И когда девушка торопливо сбегала по деревянным, дрожащим, стоптанным ступенькам, он выругивал ее вслед длинной, как кнутом бьющей, бранью».
Изображённые бытописателем Сургучевым будни дореволюционной полиции яркие и живые, но насколько этот абрис беспристрастен – трудно сказать.
В электронной библиотеке Лермонтовки (СКУНБ) «Память Ставрополья»: http://elib.skunb.ru/action.php?kt_path_info=ktcore.SecViewPlugin.actions.document&fDocumentId=27
размещён интересный документ – Инструкция городовым 1908 года. Не поленитесь, зарегистрируйтесь в этом электронном модуле, и насладитесь чтением уникального перла цифровой коллекции. Инструкция даётся «в дополнение к здравому смыслу»; она рассматривает все стороны жизни города тех лет, подспудно изображая нравы и привычки населения, не чуждые и современникам.
Полицейское управление упомянуто мастером детективного жанра Иваном Любенко в книге «Тайна персидского обоза».

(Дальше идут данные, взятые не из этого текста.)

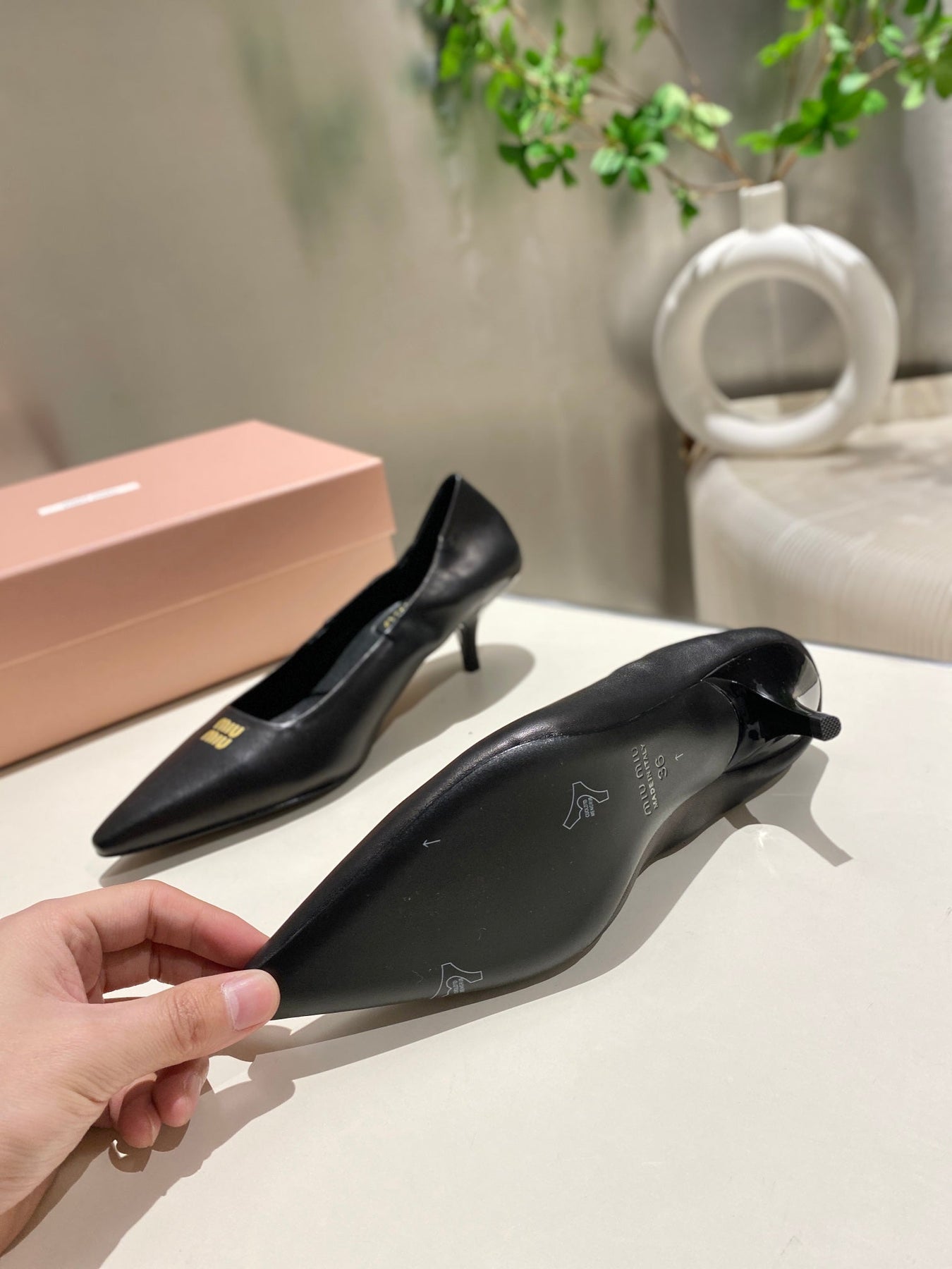 POINTED-TOE MID HEEL PUMPS IN BLACK SMOOTH LAMBSKIN

В книге «Кавказцы» Заремы Хасановны Ибрагимовой Ставропольское полицейское управление отмечено в связи с найденными, в одном из сараев ему принадлежавших, важными архивными документами, так называемым «старым архивом». Документы спасены были Ставропольской ученой архивной комиссией, председателем которой был Григорий Николаевич Прозрителев, автор опиралась на труды доктора исторических наук, профессора М. Е. Колесниковой. В ежегодном краеведческом сборнике «Ставропольский хронограф» – флагмане научно-исследовательской и литературоведческой жизни Ставрополья, издании, получившем всероссийское признание, опубликована в 2006 году статья Марины Евгеньевны Колесниковой, которую предваряет эпиграф историографа Ивана Диомидовича Попко (1819-1893):
На кладбище, где бренный прах
наших предков покоится,
мы хоть раз в год ходим,
а на другие кладбища,
где ум и сердце наших предков покоится,
наши Архивы, мы оставляем в небрежении…
Строки эти она вынесла во главу угла, потому что они характеризовали положение, сложившееся в конце XIX – начале XX вв. в архивном деле Северного Кавказа. Однако если задуматься, то многие ли из нас ходят, хотя бы на сайты теперь уже прекрасно организованных современных архивов и интересуются тем, чем жили наши предки? Ведь обращаясь к прошлому, мы лучше сможем узнать самих себя, понять собственные мысли и чаяния.